TASK ITEM. Give the records back exactly as written, but without the images.

RECORDS SUPPLIED.
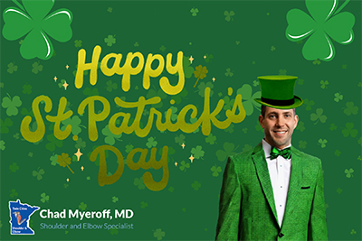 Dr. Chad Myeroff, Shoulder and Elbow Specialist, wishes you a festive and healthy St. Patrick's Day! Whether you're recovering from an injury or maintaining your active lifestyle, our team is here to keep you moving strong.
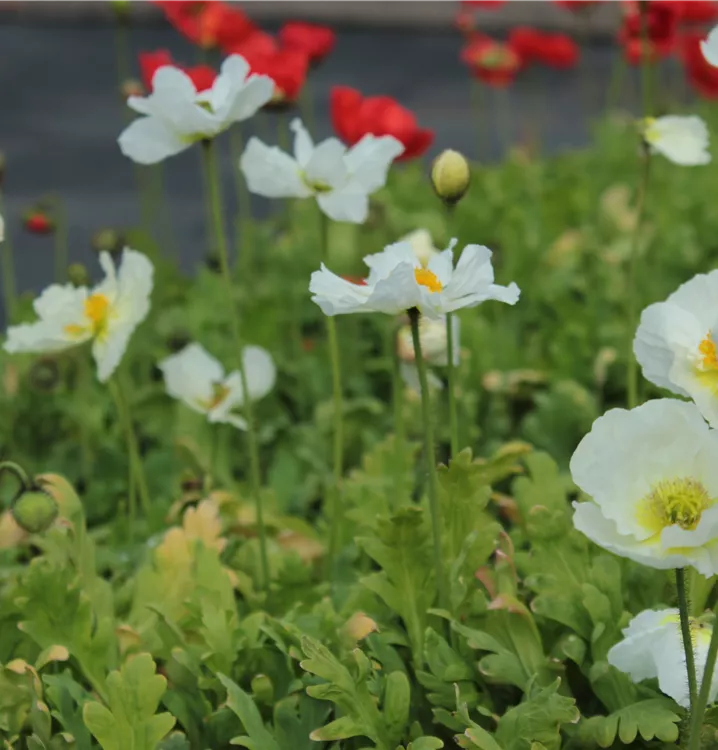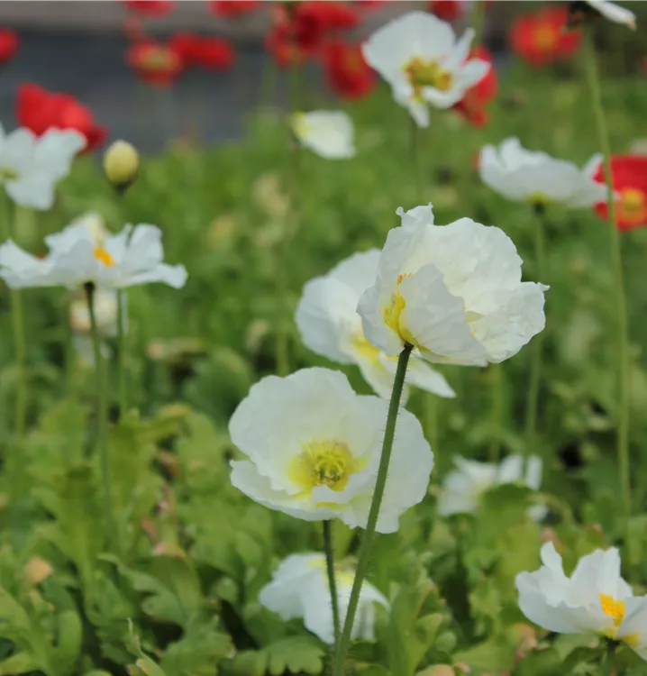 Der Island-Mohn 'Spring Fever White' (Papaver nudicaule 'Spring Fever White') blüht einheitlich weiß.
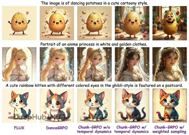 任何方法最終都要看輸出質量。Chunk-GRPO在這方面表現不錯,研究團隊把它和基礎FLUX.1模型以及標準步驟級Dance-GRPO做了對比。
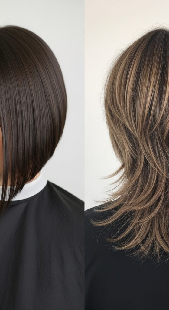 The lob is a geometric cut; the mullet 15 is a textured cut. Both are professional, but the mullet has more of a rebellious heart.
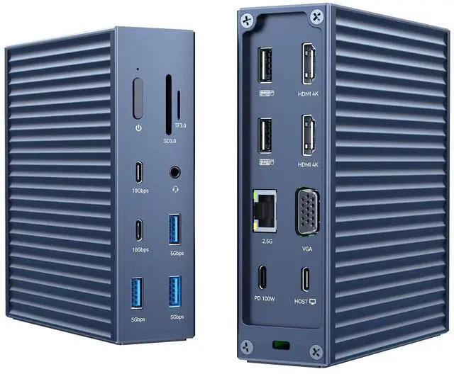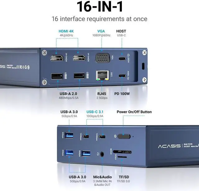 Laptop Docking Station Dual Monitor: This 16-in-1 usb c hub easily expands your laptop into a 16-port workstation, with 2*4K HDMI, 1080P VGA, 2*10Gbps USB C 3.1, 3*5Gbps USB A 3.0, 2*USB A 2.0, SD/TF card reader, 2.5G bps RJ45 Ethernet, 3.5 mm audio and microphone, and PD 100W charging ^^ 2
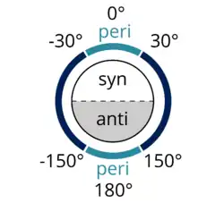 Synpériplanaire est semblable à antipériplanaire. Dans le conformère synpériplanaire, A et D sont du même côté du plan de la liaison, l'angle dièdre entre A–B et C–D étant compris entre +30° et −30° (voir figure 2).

WRITTEN ANSWER.
 Dr. Chad Myeroff, Shoulder and Elbow Specialist, wishes you a festive and healthy St. Patrick's Day! Whether you're recovering from an injury or maintaining your active lifestyle, our team is here to keep you moving strong.
 Der Island-Mohn 'Spring Fever White' (Papaver nudicaule 'Spring Fever White') blüht einheitlich weiß.
 任何方法最終都要看輸出質量。Chunk-GRPO在這方面表現不錯,研究團隊把它和基礎FLUX.1模型以及標準步驟級Dance-GRPO做了對比。
 The lob is a geometric cut; the mullet 15 is a textured cut. Both are professional, but the mullet has more of a rebellious heart.
 Laptop Docking Station Dual Monitor: This 16-in-1 usb c hub easily expands your laptop into a 16-port workstation, with 2*4K HDMI, 1080P VGA, 2*10Gbps USB C 3.1, 3*5Gbps USB A 3.0, 2*USB A 2.0, SD/TF card reader, 2.5G bps RJ45 Ethernet, 3.5 mm audio and microphone, and PD 100W charging ^^ 2
 Synpériplanaire est semblable à antipériplanaire. Dans le conformère synpériplanaire, A et D sont du même côté du plan de la liaison, l'angle dièdre entre A–B et C–D étant compris entre +30° et −30° (voir figure 2).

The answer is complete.